Done. Much better : )

codecov · 2021-03-02T20:55:55Z

Codecov Report

Merging #11296 (7246df4) into master (2d9c666) will increase coverage by 0.64%.
The diff coverage is n/a.

@@            Coverage Diff             @@
##           master   #11296      +/-   ##
==========================================
+ Coverage   83.04%   83.68%   +0.64%     
==========================================
  Files         469      438      -31     
  Lines       58472    58731     +259     
==========================================
+ Hits        48556    49151     +595     
+ Misses       9916     9580     -336

Impacted Files	Coverage Δ
...python/apache_beam/examples/wordcount_dataframe.py	`0.00% <0.00%> (-92.60%)`	⬇️
...sdks/python/apache_beam/utils/interactive_utils.py	`87.80% <0.00%> (-7.44%)`	⬇️
...thon/apache_beam/runners/worker/sdk_worker_main.py	`72.26% <0.00%> (-5.92%)`	⬇️
...n/apache_beam/runners/direct/test_direct_runner.py	`37.50% <0.00%> (-4.81%)`	⬇️
...tes/tox/py38/build/srcs/sdks/python/test_config.py	`66.66% <0.00%> (-4.77%)`	⬇️
...s/sdks/python/apache_beam/runners/test/__init__.py	`66.66% <0.00%> (-4.77%)`	⬇️
...ld/srcs/sdks/python/apache_beam/io/gcp/__init__.py	`80.00% <0.00%> (-4.62%)`	⬇️
...thon/apache_beam/runners/worker/channel_factory.py	`75.00% <0.00%> (-3.95%)`	⬇️
...python/apache_beam/examples/streaming_wordcount.py	`30.55% <0.00%> (-3.66%)`	⬇️
...s/python/apache_beam/io/gcp/bigquery_file_loads.py	`87.50% <0.00%> (-3.61%)`	⬇️
... and 450 more

Continue to review full report at Codecov.

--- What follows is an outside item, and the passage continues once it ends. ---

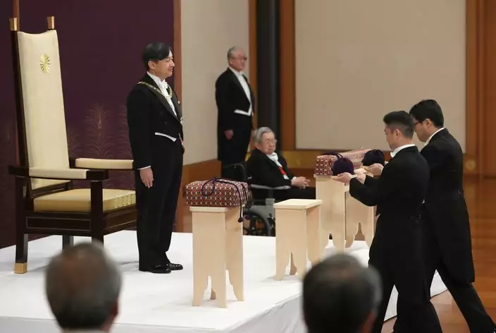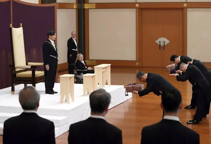 德仁繼承神器八尺瓊勾玉和天叢雲劍。(AP圖片)

Legend - Click here to learn more
Δ = absolute <relative> (impact), ø = not affected, ? = missing data
Powered by Codecov. Last update 1f35e2f...7246df4. Read the comment docs.

pabloem · 2021-03-02T21:09:47Z

also rebased against master

pabloem · 2021-03-12T00:30:00Z

@robertwb PTAL

pabloem · 2021-03-16T17:37:06Z

@robertwb PTAL

pabloem · 2021-03-22T21:17:49Z

@robertwb PTAL

pabloem · 2021-03-29T19:38:14Z

@robertwb PTAL

pabloem · 2021-03-31T20:50:34Z

@y1chi do you think you have time to take a look at this PR?

pabloem · 2021-04-14T20:16:56Z

@y1chi PTAL?

y1chi · 2021-04-14T21:26:07Z

@y1chi PTAL?

Will do.

y1chi

Is there any test we can use for validating the watermark logic?

y1chi · 2021-04-14T21:40:45Z

sdks/python/apache_beam/runners/portability/fn_api_runner/execution.py

+        if t.spec.urn == bundle_processor.DATA_INPUT_URN
+    }
+    self.watermark_manager = WatermarkManager(stages)
+    # self.watermark_manager.show()


y1chi · 2021-04-14T21:58:05Z

sdks/python/apache_beam/runners/portability/fn_api_runner/fn_runner.py

+          assert (
+              runner_execution_context.watermark_manager.get_stage_node(
+                  bundle_context_manager.stage.name
+              ).input_watermark() == timestamp.MAX_TIMESTAMP), (


output_watermark()?

initially I'm checking the input_watermark. I'll add a more advanced check in a follow-up change that updates the runner to support per-bundle execution (instead of per-stage)

OK, there is a mismatch between the assertion and the error message so that's why I'm confused.

ah thanks for the catch. fixed that.

y1chi · 2021-04-14T21:59:29Z

sdks/python/apache_beam/runners/portability/fn_api_runner/fn_runner.py

+          assert (
+              runner_execution_context.watermark_manager.get_stage_node(
+                  bundle_context_manager.stage.name
+              ).input_watermark() == timestamp.MAX_TIMESTAMP), (


are the assertions only for batch?

currently only batch is supported. this will be fixed later on.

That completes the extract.